Всякими путями он стремится возбудить себя к творческой деятельности. То «для плезиру» и в надежде, что это «разгибает талант и способ выражаться», занимается сочинением стихов в альбомы незнакомым дамам. То заключает пари с Елагиным, что напишет к 1 января 1832 года 2000 стихов. То участвует во взаимном уговоре с А. С. Хомяковым и М. П. Погодиным написать к 23 декабря 1831 года большое сочинение.

(Языкову кажется, что писать он не может, потому что до сих пор не «уселся» на своем удобном, постоянном месте. В Москве ему мешает рассеянная, шумная жизнь; в Симбирске, даже в Языкове,- «смуты» хозяйственные, «вздоры» и «пустяки» совместной жизни с родственниками. Он бежит из Симбирска в Москву, из Москвы снова домой. Кочевая жизнь,- жалуется он А. Н. Вульфу,- не благоприятствует поэтической деятельности в России; вероятно, она-то и причина тому, что нет у нас ни одного поэта из цыганов!..»

"Все эти метания объясняются, вероятно, тем, что теперь, в 1830-е годы, Языков, при всех своих удачах и достижениях, все же ничего не определял в литературном процессе и хорошо сознавал это. В 1820-е годы он числил себя в «первенцах полночных муз», сейчас это ощущение справедливо утрачивается.

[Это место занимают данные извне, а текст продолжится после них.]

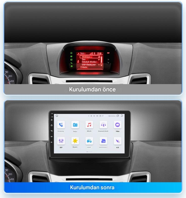 Otolas Ford Fiesta 2009-2017 Yıl Uyumlu 9 Inç 8 GB Ram 128 GB Hafıza Multimedya Carplay Navigasyon Kamera Wifi Gps

Тем активнее была деятельность Языкова в тех областях, которые раньше казались ему чуждыми для поэта, в журнальной, издательской, например. Он принимает участие в организации «Европейца», потом «Московского наблюдателя», осуществляет большую работу по сбору и подготовке к изданию совместно с П. В. Киреевским собрания русских народных песен. Языков привлекает к собиранию материалов и своих родственников, прежде всего братьевД «... Тот, кто соберет сколько можно больше народных наших песен, сличит их между собою, приведет в порядок и проч., тот совершит подвиг великий и издаст книгу, какой нет и быть не может ни у одного народа,- пишет он А. М. Языкову,- положит в казну русской литературы сокровище неоценимое и представит просвещенному миру чистое, верное, золотое зеркало всего русского».

Львиная доля из помещенного в собрании П. В. Киреевского была собрана братьями Языковыми, поэтому П. В. Киреевский предлагал даже написать на заглавном листе предполагавшегося сборника «изданное Н. Языковым и П. Киреевским», так как именно Языкову принадлежат «и первая честь собрания, и большое количество и лучший цвет песен».

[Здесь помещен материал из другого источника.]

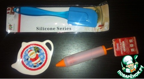 Еще у меня появились новые прибамбасы для кухни))) силиконовая лопатка, подставка под чайные пакетики и силиконовый кондитерский шприц
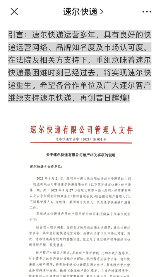 速尔快递在最新声明中称,运营多年,速尔具有良好的快递运营网络、品牌知名度以及市场认可度。重组后将聚焦主营业务的持续和发展。

Интерес к национальному прошлому, к своеобразию исторического развития народа и особым чертам национального характера часто возникает не только в моменты общественного подъема, но и в эпохи осмысления горького исторического опыта. Требование народности литературы, внимание к фольклору - зеркалу народной души - были в 1830-е годы естественным следствием этого направления общественной мысли.

Сильнейшим стимулом в собирании народных песен явилось для П. В. Киреевского и Языкова «Философическое письмо» П. Я. Чаадаева, опубликованное в 1836 году, но написанное в начале 1830-х годов и распространявшееся в списках. Чаадаев утверждал, что у русского народа отсутствует богатое мыслью и деятельностью историческое прошлое, что в преданиях народных не осталось «ни пленительных воспоминаний, ни грациозных образов», «ни мощных поучений».

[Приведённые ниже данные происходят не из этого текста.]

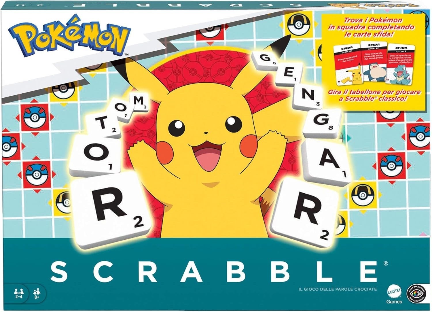 Mattel Games - Scrabble Pokémon, le jeu de société de mots croisés avec 50 défis des personnages Pokémon, tableau double face avec deux modes de jeu, version italienne, 8+ ans, HXT30

Эти мысли не разделялись, как известно, большинством прогрессивно мыслящих людей. Пушкин счел даже необходимым сформулировать свои возражения Чаадаеву в специальном письме.

Кстати, одно время предполагалось, что предисловие к сборнику П. В. Киреевского напишет Пушкин. Но то же большинство (например, Герцен и будущие западники) прекрасно понимало, что горький скептицизм Чаадаева вызван тяжким настоящим русского народа. Что же касается будущего, то и сам Чаадаев в конце 1830-х годов не стоял на прежних позициях: в «Апологии сумасшедшего» (1837) он говорит об исторической роли русского народа, призванного «решить большую часть проблем социального порядка, завершить большую часть идей, возникших в старых обществах, ответить на важнейшие вопросы, какие занимают человечество».

Позиция П. В. Киреевского и полемический характер ее были уже достаточно определенными в начале 1830-х годов. «Я с каждым часом чувствую живее, что отличительное, существенное свойство варварства - беспамятность; что нет ни высокого дела, ни стройного слова без живого чувства своего достоинства, что чувства собственного достоинства нет без национальной гордости, а национальной гордости нет без национальной памяти».

Эта бесспорная в общей форме посылка, полностью разделявшаяся Языковым, позволила, однако, впоследствии сделать П. В. Киреевскому реакционные выводы, так как дело было не только в ценности для народа национальной гордости вообще, но и в том, что является предметом этой национальной гордости. Без ясного осознания последнего идея национальной гордости легко могла перерасти и постоянно перерастает в чувство национальной исключительности, губительное для всякого народа.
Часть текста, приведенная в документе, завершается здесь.